Evergreen has contracted for supplies of Silicon sufficient for all their planned increases in production through 2012. Since silicon prices are widely expected to moderate in 2009, and the price moderation has been expected for some time (I first wrote about this in 2006), the expected price reduction will have been built into the contracts. Evergreen will only be affected relative to unhedged competition if price declines are different that that expected when the contracts were written.
The photovoltaic industry is likely to see a shakeout if supply grows faster than demand in late 2008 and 2009 because the industry will be less constrained by available supplies of Solar grade silicon. If the demand for photovoltaic panels is elastic enough to absorb the resulting increased supply (albeit at a lower price), other steps along the value chain can hope to take a large portion of the profit which silicon suppliers were formerly taking.
As an aside, I personally will take a serious look at a PV system next year if I can’t get the prototype Combined Heat and Power solar system I’m negotiating with a local startup for.

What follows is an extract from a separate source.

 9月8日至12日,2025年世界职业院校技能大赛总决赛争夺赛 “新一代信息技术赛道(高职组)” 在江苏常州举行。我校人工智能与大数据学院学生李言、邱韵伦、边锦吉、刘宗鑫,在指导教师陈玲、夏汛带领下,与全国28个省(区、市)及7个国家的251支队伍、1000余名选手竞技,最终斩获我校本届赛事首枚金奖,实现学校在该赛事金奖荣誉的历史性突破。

Until now, I have advocated investing in dividend paying renewable energy companies such as Ormat (NYSE:ORA) as being as green and having better prospective returns than buying photovoltaics. However, alternative energy stocks are a poor hedge for commodity inflation, and a solar system is a perfect hedge for electricity prices, so that, along with lower solar system prices tempts me to to do home improvements beyond radical energy efficiency.

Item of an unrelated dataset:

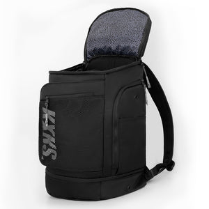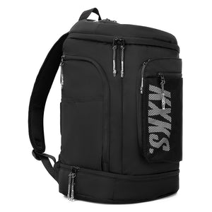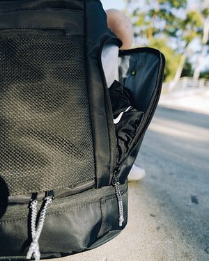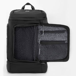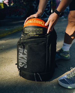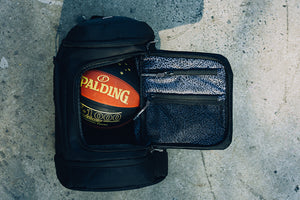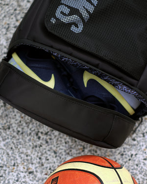 The Game Day Backpack is built for athletes on the move. With a dedicated bottom compartment that fits either a basketball or up to US15 shoes (stacked), it’s designed to adapt to your day. The spacious main compartment can be opened from the top or the front flap for flexible access. Inside, there’s a padded sleeve for up to 16" laptops, while the outer shell features quick-access pockets on the top and front for essentials. One side holds your water bottle; the other a ventilated wet compartment—ideal for post-game gear. Inside the front flap, you’ll find two extra zippered pockets to keep small items secure and sorted.

Evergreen Solar, with its wafers-to-panels supply chain, seems likely to be able to capture some of the gains given up by the silicon manufacturers, assuming that all of these gains do not go to consumers and installers, or vanish with the possible expiration of the ITC and reduction in German and Spanish subsidies. There are a lot of "ifs," but Evergreen seems relatively well placed for the coming solar storm. With the stock price back below $8, I expect we’re much closer to a bottom than we are to the recent peak.
DISCLOSURE: Tom Konrad owns shares in ESLR and ORA.